Western District of Kentucky Judge David Hale overturned the measure, saying in his ruling that it violates the First Amendment, according to CNN. The judge’s ruling comes after the American Civil Liberties Union (ACLU) filed a lawsuit arguing that the bill violates a woman’s rights by imposing unnecessary requirements on her abortion procedure. “HB2 requires physicians to subject their patients to these images, descriptions, and sounds, when the patient is in a particularly vulnerable and exposed position,” their complaint reads.

The law was enacted in January and required doctors to conduct an ultrasound, show the expectant mother images of the unborn child, and offer audio of the baby’s heartbeat. “This is truly a new day in Kentucky,” Kentucky Gov.

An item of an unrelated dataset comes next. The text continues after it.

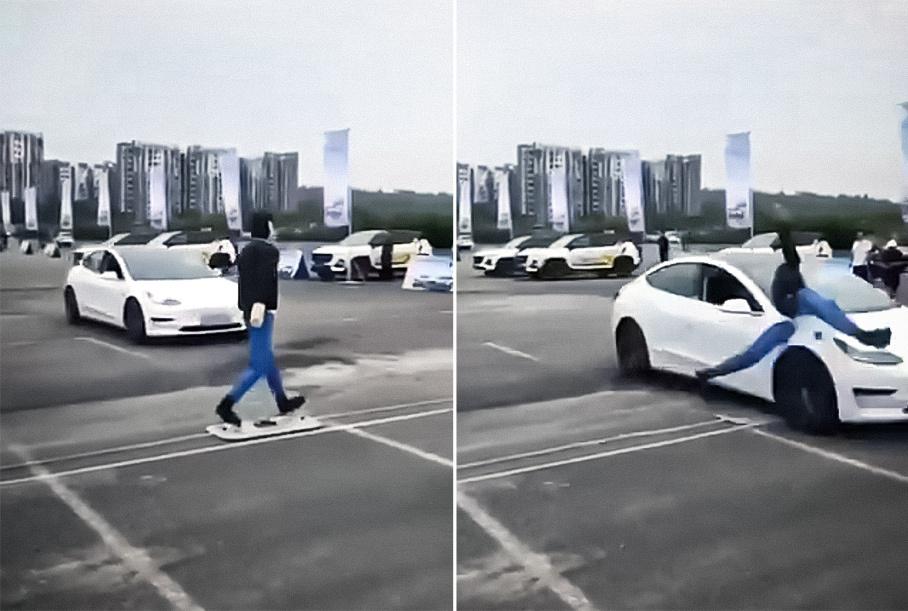 Відео демонстративного заїзду з’явилося в мережі. На ньому наочно показана робота системи екстреного гальмування електромобіля. Всупереч всім очікуванням, Tesla Model 3 не гальмує перед манекеном, а збиває його. Причому удар був такої сили, що лялька розлетілася на шматки, змоделювавши можливий сценарій з реальним пішоходом.

Matt Bevin said after the law was was initially passed. The bill did note, however, that the woman could choose not to look at the images and ask the doctor to turn the volume down of the heart beating so as to be almost inaudible.

The judge’s ruling also follows a legal battle which started in March after Bevin said that the state’s last clinic abortion didn’t have the required transfer agreements and tried to close it. The clinic — EMW Women’s Surgical Centers — was granted a temporary restraining order but allowed to stay open, and its fate still remains in limbo, according to the Associated Press. (RELATED: Kentucky’s Last Abortion Clinic Braces For Shutdown).

Only 26 out of 50 states have ultrasound requirements prior to abortion.